Пандемия COVID-19, появление новых, более опасных штаммов коронавируса, проходящие в разных странах протесты против карантинных мероприятий – всё это делает глобальную ситуацию вокруг новой эпидемии достаточно острой и непредсказуемой. Эти проблемы были в фокусе специальной дискуссии, недавно проведённой Клубом «Валдай» с участием врачей, социологов и политических экспертов.

В ходе дискуссии подробно обсуждался вопрос о том, что баланс между свободой и безопасностью в условиях пандемии оказался резко сдвинут в пользу безопасности в подавляющем большинстве стран мира. Объективно это логично и, наверное, оправдано. В результате в контексте новых ценностей коронавирусной эпохи ключевое место занял оксюморон – «ценности несвободы». На портале Клуба «Валдай» мы уже обращались к этой теме. Также естественно, что эти ценности несвободы начали вызывать растущее раздражение и неприятие со стороны значимых сегментов общества. Они соединялись и с опасением того, что этот новый дисбаланс свободы и безопасности закрепится во властных практиках и после завершения пандемии.

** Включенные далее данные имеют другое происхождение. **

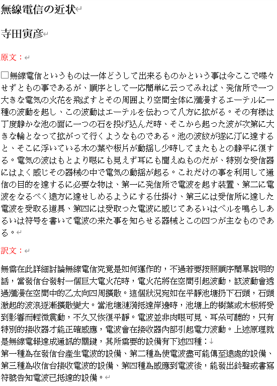 常見問題 1.自我介紹 日中翻譯,和Lionbridge、電心萬象、CCJK等各大翻譯社及公司行號合作,已有多年經驗。 主要翻譯領域為動漫遊戲類、電機電子類,會使用Memoq、SDL Trados、Memsource等翻譯軟體。 2.服務方式 日翻中筆譯 3.收費方式 翻譯速度為每日3000~4000字、一週約可翻譯15000~20000字(視翻譯領域、難易度而定),會使用SDL Trados、Memsource、memoq等翻譯工具,價格視難易度而定,若字數多且固定可調降。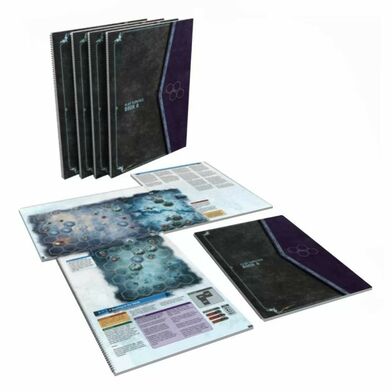 Inspired by the critically acclaimed play surface books from Gloomhaven: Jaws of the Lion, this set of [x4] Scenario Play Surface Books allows you to ditch your Frosthaven map tiles and overlay tokens aside, in favour of quicker and easier setup time just by turning the pages!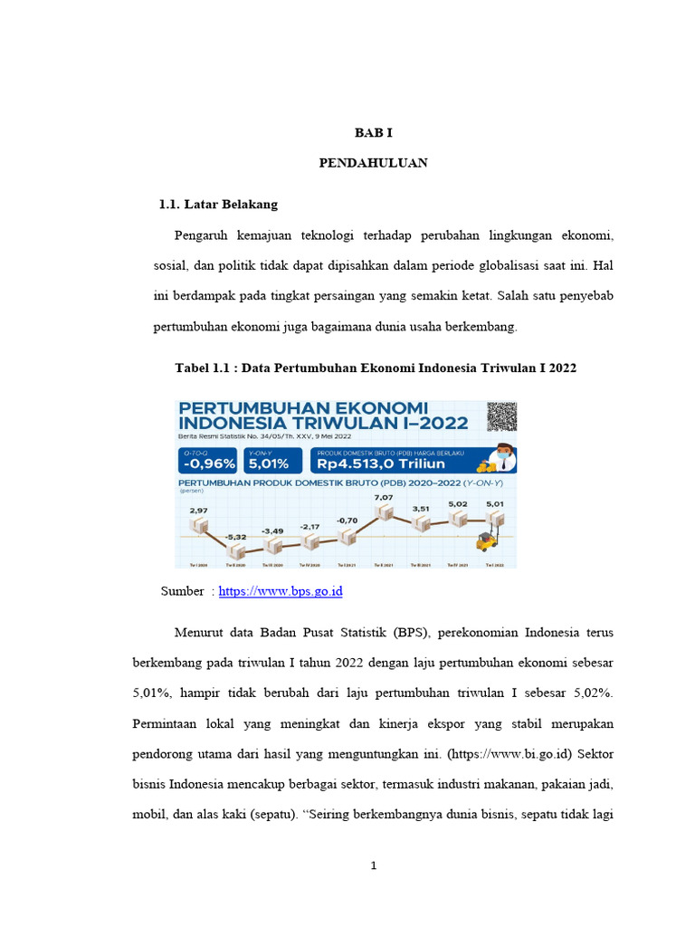 Tabel 1.1 : Data Pertumbuhan Ekonomi Indonesia Triwulan I 2022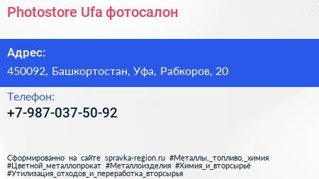 Photostore-Ufa, фотосалон по адресу 450092, Башкортостан, Уфа, Рабкоров, 20 в дальнейшем Организация, размещена в следующих категориях:
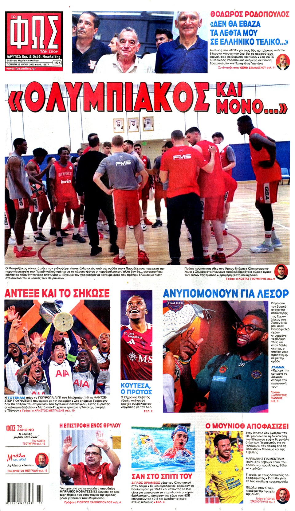 ΦΩΣ ΤΩΝ ΣΠΟΡ - 22 Μαΐου 2025
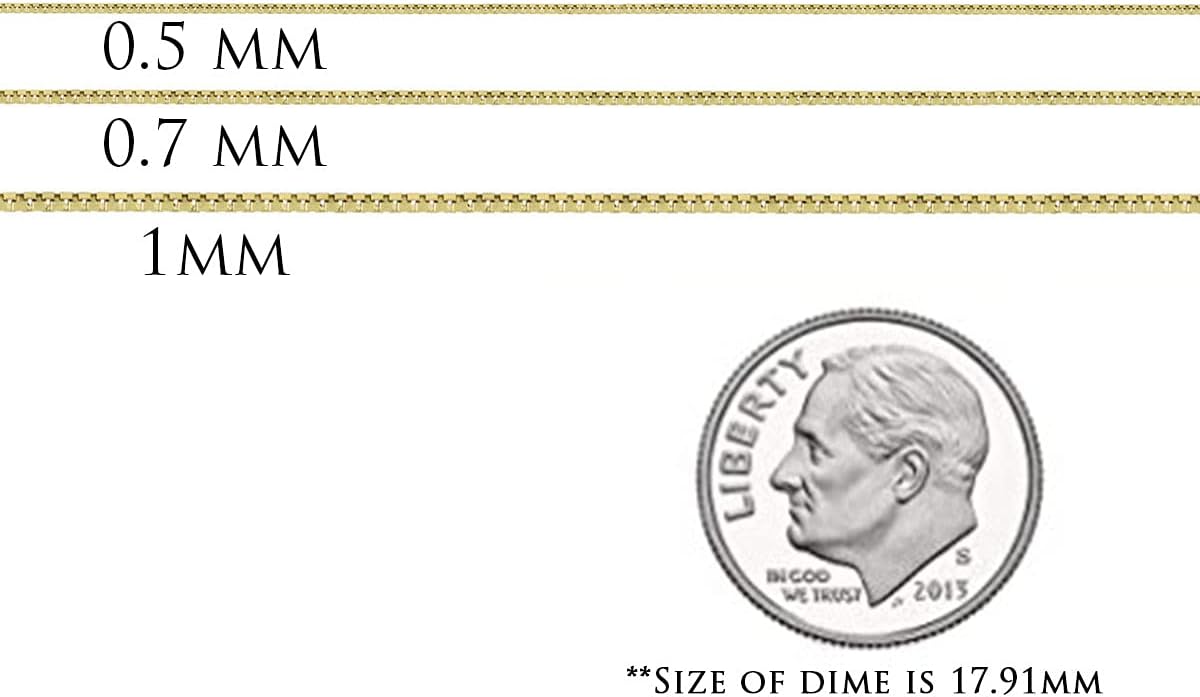 Honolulu Jewelry Company 14K Solid Gold 0.7mm Box Chain Necklace, 16″ – 30″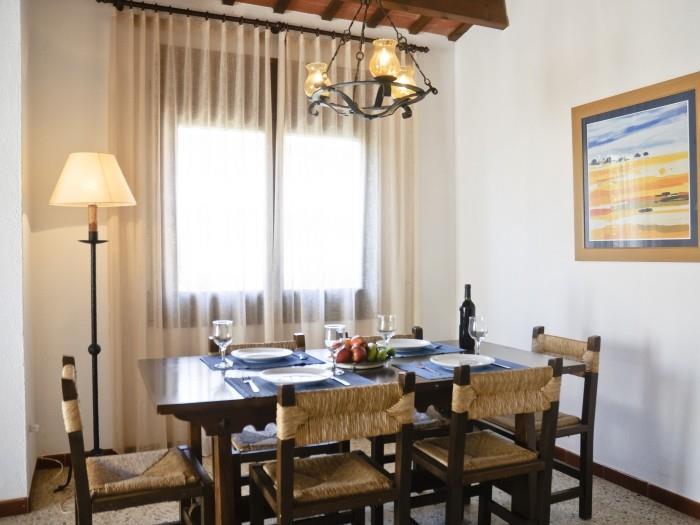 Complex formed by semi-detached houses type duplex. On the first floor living room with balcony, TV, separate kitchen with ceramic hob, microwave and washing machine, bathroom with shower and a double bedroom. On the ground floor two double bedrooms plus a bedroom with bunk beds or two double bedrooms with double sofa bed in the dining room, bathroom with bathtub, garage and small garden.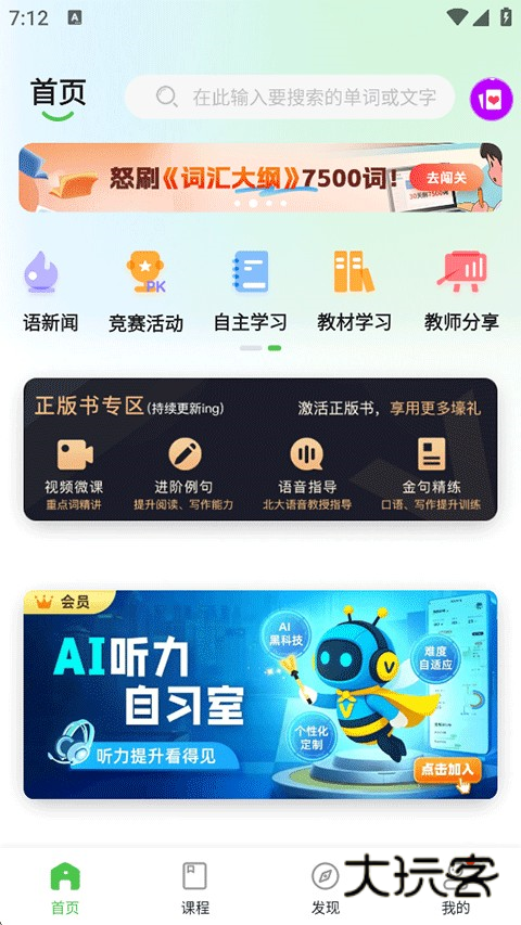 3、随后就可以在首页体验自主学习、教材分享等功能服务;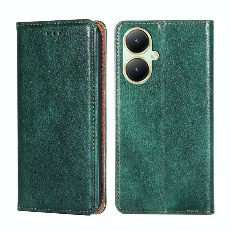 For vivo Y35+ 5G Gloss Oil Solid Color Magnetic Leather Phone Case(Green)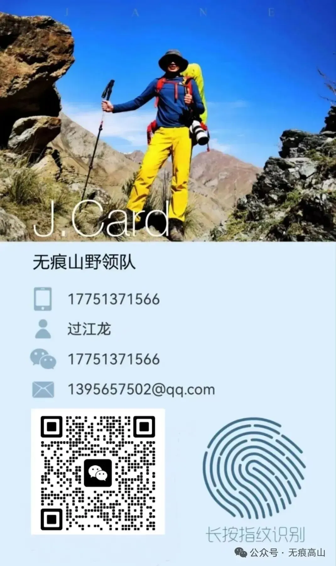 无痕高山户外探险品牌创始人,5000米-8000米雪山攀登,无人区穿越资深领队。青少年营地总监,持证户外指导员,持证营地指导员,持证高山向导,社会体育指导员,持证攀树教练,红十字会急救员,二十四年以上外安全带队经验。
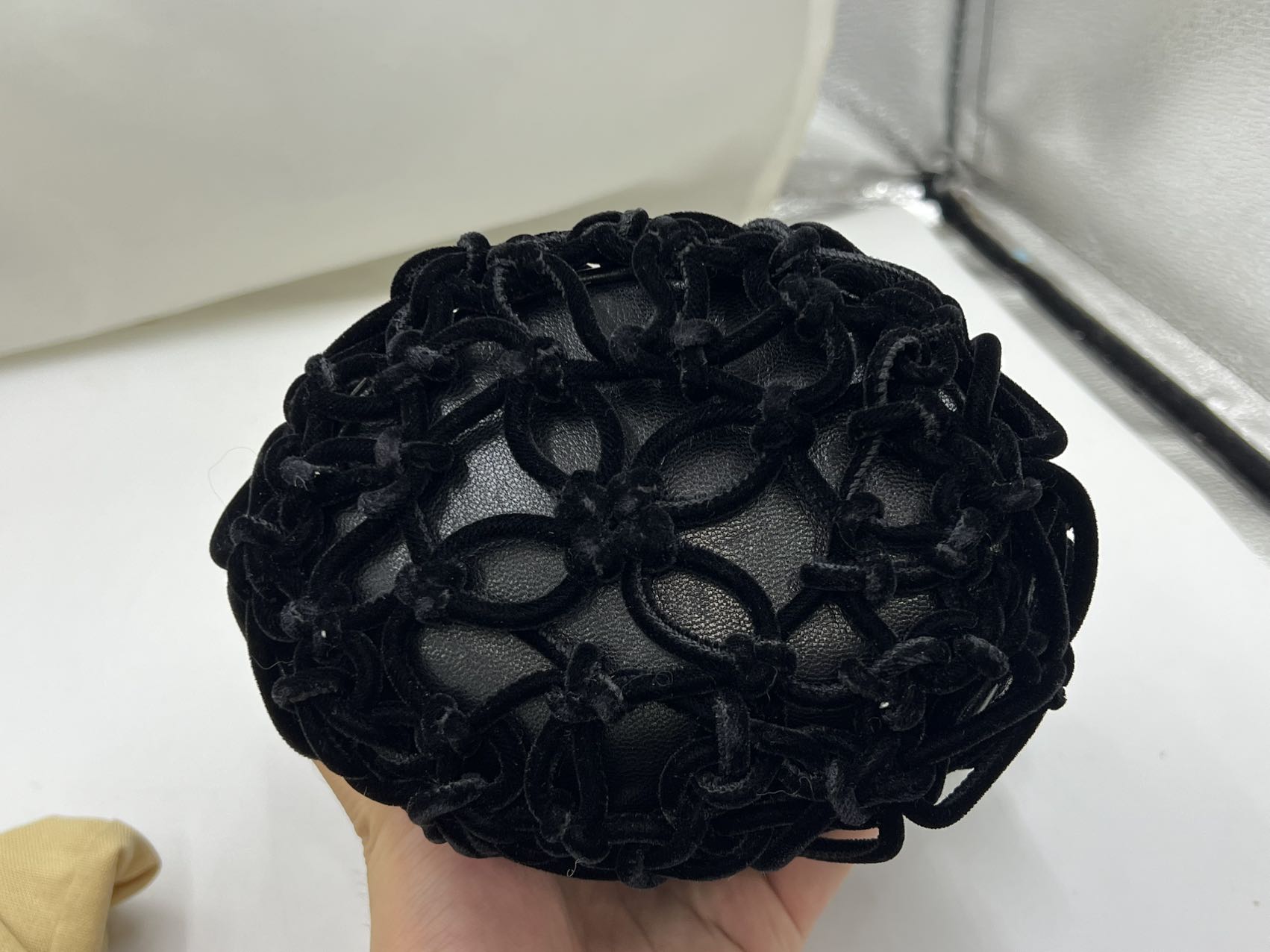 Chanel - Bucket Bag - Velvet mesh and quilted lambskin leather - Black - (mini)

Составной частью этих опасений стала дискуссия о «власти врачей» над обществом (точнее сказать, не врачей, а медицинских чиновников). Естественно, никто не ставит под сомнение героизм и самоотверженную работу врачей по борьбе с пандемией. Но недовольство ценностями несвободы, которые сейчас реализуются именно через медицинские предписания, привело ко всё чаще постулируемым опасениям, что «врачи получили слишком много власти» (опять же, повторим, не врачи, а медицинские чиновники). И что эта избыточная «медицинская власть» может сохраниться и в дальнейшем. Тем самым теоретические конструкты Мишеля Фуко о «биовласти», о которых также писал Клуб «Валдай», могут превратиться в реальность «медицинской диктатуры».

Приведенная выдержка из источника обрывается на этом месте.